DATA SECTION:

* * * *

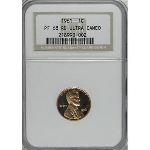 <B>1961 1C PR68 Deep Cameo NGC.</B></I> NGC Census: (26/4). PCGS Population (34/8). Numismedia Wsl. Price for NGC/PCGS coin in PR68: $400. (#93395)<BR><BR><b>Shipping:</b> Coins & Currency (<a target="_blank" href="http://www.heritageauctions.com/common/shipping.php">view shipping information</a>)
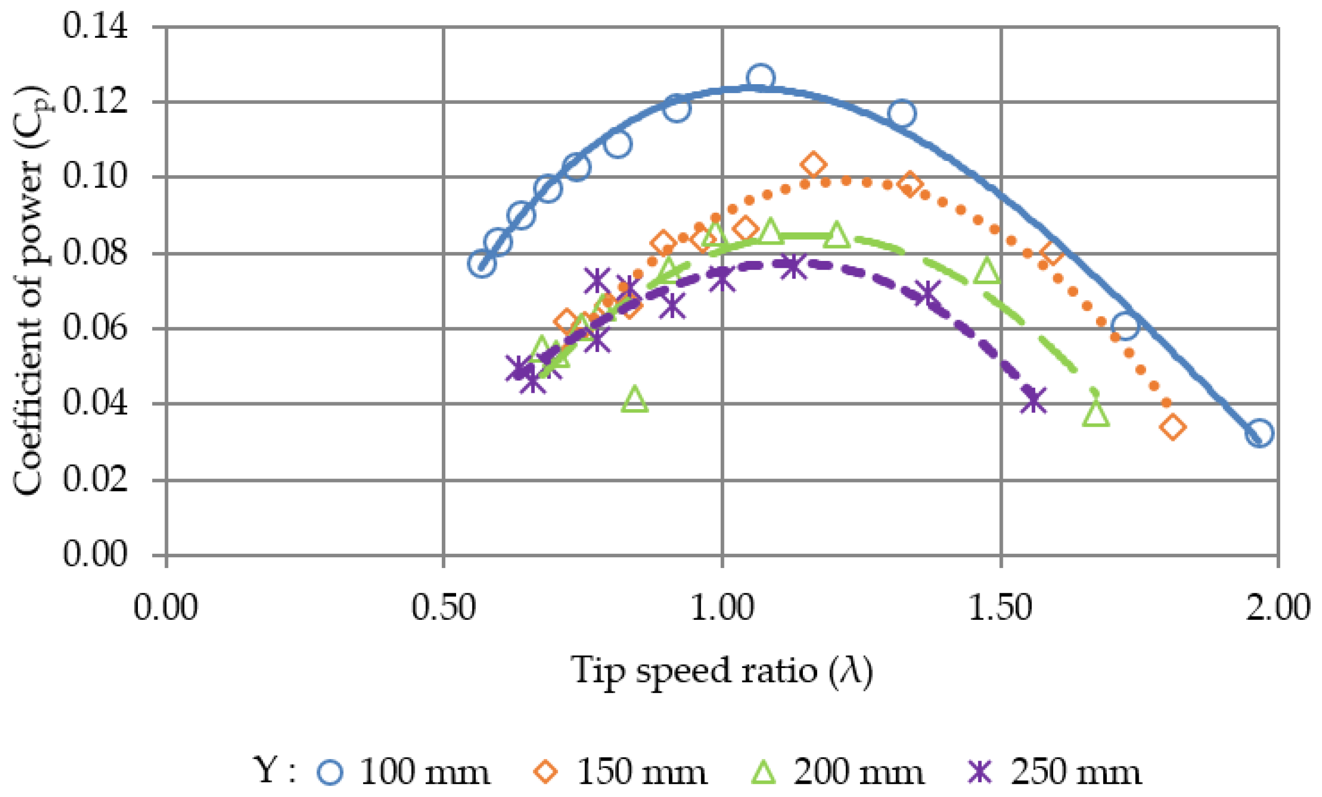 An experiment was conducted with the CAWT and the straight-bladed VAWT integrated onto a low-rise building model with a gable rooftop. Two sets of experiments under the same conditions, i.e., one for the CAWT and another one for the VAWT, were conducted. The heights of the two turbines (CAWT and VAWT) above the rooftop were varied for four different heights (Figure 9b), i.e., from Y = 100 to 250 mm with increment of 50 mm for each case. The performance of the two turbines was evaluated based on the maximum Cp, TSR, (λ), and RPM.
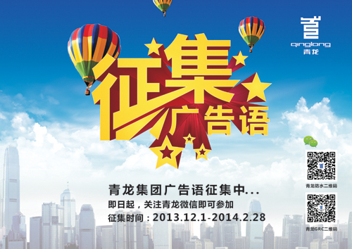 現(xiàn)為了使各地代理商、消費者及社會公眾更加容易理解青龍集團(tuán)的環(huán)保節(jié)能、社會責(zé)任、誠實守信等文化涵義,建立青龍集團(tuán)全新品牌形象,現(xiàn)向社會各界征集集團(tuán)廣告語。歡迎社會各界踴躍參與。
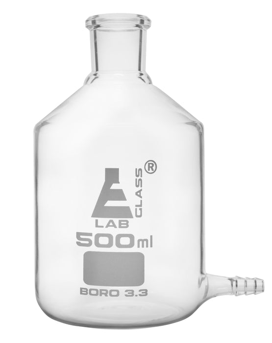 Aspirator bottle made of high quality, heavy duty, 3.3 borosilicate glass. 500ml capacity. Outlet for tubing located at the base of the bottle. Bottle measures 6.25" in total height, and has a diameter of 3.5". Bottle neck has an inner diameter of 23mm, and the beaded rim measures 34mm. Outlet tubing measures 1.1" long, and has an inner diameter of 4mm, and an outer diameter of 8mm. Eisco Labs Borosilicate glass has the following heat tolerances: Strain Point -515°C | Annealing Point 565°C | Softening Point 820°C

* * * *

In repeating the lines above, keep the wording exact and leave every picture out.

 <B>1961 1C PR68 Deep Cameo NGC.</B></I> NGC Census: (26/4). PCGS Population (34/8). Numismedia Wsl. Price for NGC/PCGS coin in PR68: $400. (#93395)<BR><BR><b>Shipping:</b> Coins & Currency (<a target="_blank" href="http://www.heritageauctions.com/common/shipping.php">view shipping information</a>)
 An experiment was conducted with the CAWT and the straight-bladed VAWT integrated onto a low-rise building model with a gable rooftop. Two sets of experiments under the same conditions, i.e., one for the CAWT and another one for the VAWT, were conducted. The heights of the two turbines (CAWT and VAWT) above the rooftop were varied for four different heights (Figure 9b), i.e., from Y = 100 to 250 mm with increment of 50 mm for each case. The performance of the two turbines was evaluated based on the maximum Cp, TSR, (λ), and RPM.
 現(xiàn)為了使各地代理商、消費者及社會公眾更加容易理解青龍集團(tuán)的環(huán)保節(jié)能、社會責(zé)任、誠實守信等文化涵義,建立青龍集團(tuán)全新品牌形象,現(xiàn)向社會各界征集集團(tuán)廣告語。歡迎社會各界踴躍參與。
 Aspirator bottle made of high quality, heavy duty, 3.3 borosilicate glass. 500ml capacity. Outlet for tubing located at the base of the bottle. Bottle measures 6.25" in total height, and has a diameter of 3.5". Bottle neck has an inner diameter of 23mm, and the beaded rim measures 34mm. Outlet tubing measures 1.1" long, and has an inner diameter of 4mm, and an outer diameter of 8mm. Eisco Labs Borosilicate glass has the following heat tolerances: Strain Point -515°C | Annealing Point 565°C | Softening Point 820°C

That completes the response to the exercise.